Когда вечером, разговаривая с Сэнди, я упомянула об этом вопросе, она спросила:

— Ты, должно быть, меня разыгрываешь? Она действительно тебя об этом спросила?

— А еще говорят, что это у американцев слабовато с иронией.

— Ну, надеюсь, ты дала ей достойный ироничный ответ?

— Да нет, вряд ли. Я была вежлива и в меру правдива — сказала, что, в силу обстоятельств, мне было совсем не просто адаптироваться, что к тому же несколько месяцев я болела и вследствие этого мне несколько сложно судить о городе и об обществе, активным членом которого я пока не стала. Она спросила, намерена ли я в будущем стать «активным членом общества» в Англии. Я уверенно сказала: «Да, конечно» — и напомнила ей, что до приезда в Англию была журналистом и здесь тоже работала, пока у меня не подскочило давление и меня не вышибли с работы.

«Я надеюсь найти здесь работу, — продолжила я. — В Лондоне для журналиста работа наверняка найдется».

«Значит, в случае, если вы добьетесь разрешения проживать с сыном или если суд решит, что сын должен проживать у обоих родителей поочередно, — спросила она, — вы планируете растить мальчика в Англии?»
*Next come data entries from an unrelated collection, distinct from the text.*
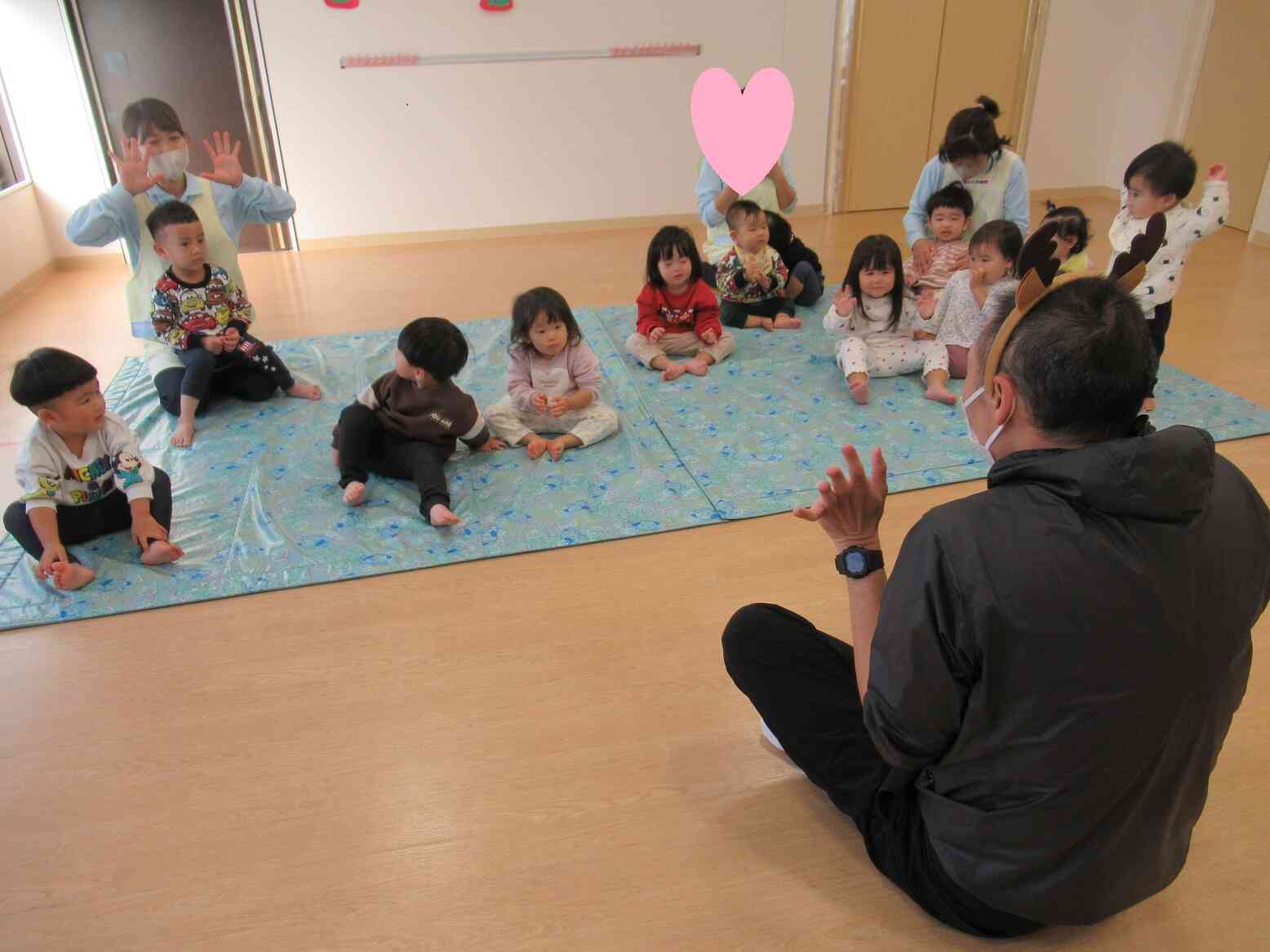 「walking walking」の英語の曲にのせて、身体を動かすおともだち。
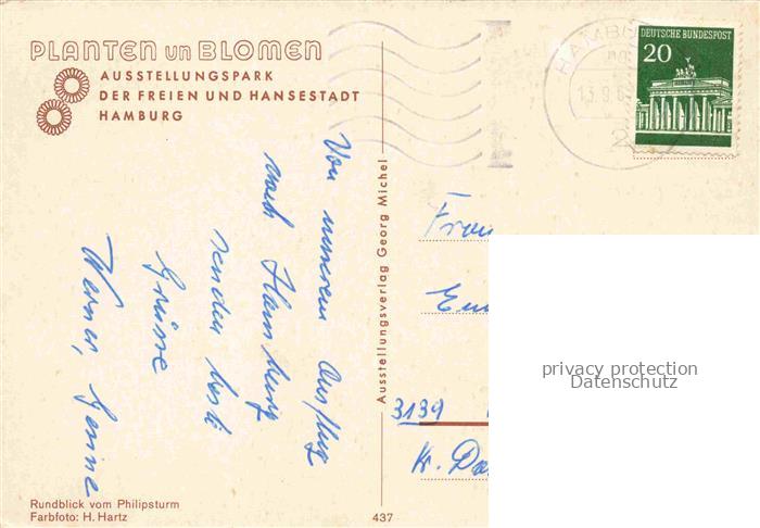 74090962 HAMBURG CITY Planten un Blomen Ausstellungspark Fliegeraufnahme postalisch gelaufen Erhaltung siehe scans [WerneD78] alte Postkarte Wern Katcode 11110002000000
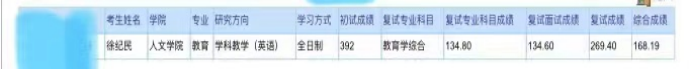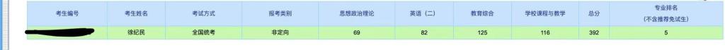 报考专业为教育专硕(学科英语方向)。初试成绩392分,其中政治69分,英语82分,专业课一125分,专业课二116分,排名第5名,复试综合排名第2名,成功上岸江南大学(国家“211工程”重点建设高校和国家“双一流”建设高校)。
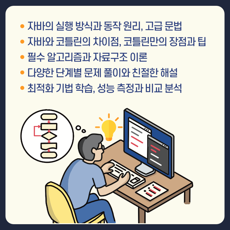 - 자바에 익숙하지 않은 독자를 위해 자바의 실행 방식과 동작 원리, 고급 문법을 함께 설명한다.
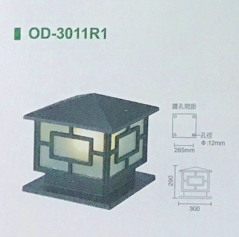 型號:OD-3011R1 砂黑燈體材質: 壓鑄鋁、砂黑烤漆燈罩材質: 霧砂玻璃適用光源: E27燈泡*1(另計)*限裝LED 12W(含)以下尺寸: 30x30x29cm
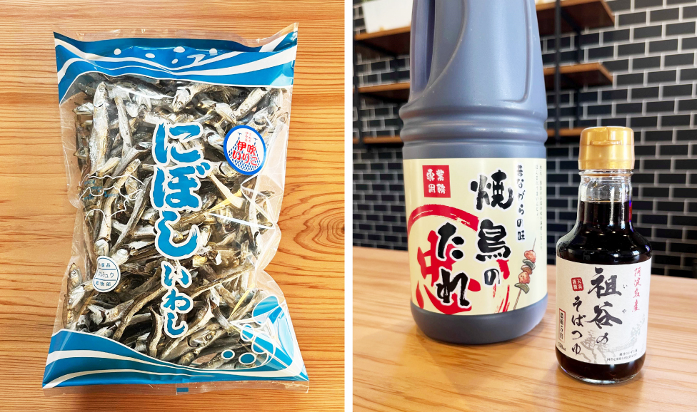 同社の代表商品写真左から伊吹いりこの「にぼしいわし」、「焼鳥のたれ」、「祖谷のそばつゆ」

«Да, — подтвердила я. — У меня такой план — потому что тогда он сможет общаться с обоими родителями».

— Мудрый ответ, — одобрила Сэнди. — Как думаешь, твоя интервьюерша оценила?

— По-моему, да. Вообще, мне кажется, я произвела не нее неплохое впечатление. Хоть что-то для начала. Но сейчас главное — найти работу и показать, что я могу снова стать «активным членом общества».

— А ты уверена, что уже и правда готова работать? Я хочу сказать…

— Я знаю, что ты хочешь сказать. И могу тебе ответить: у меня нет выбора. Мне отчаянно нужны деньги и отчаянно нужно доказать тем, кто принимает решение, что я могу работать.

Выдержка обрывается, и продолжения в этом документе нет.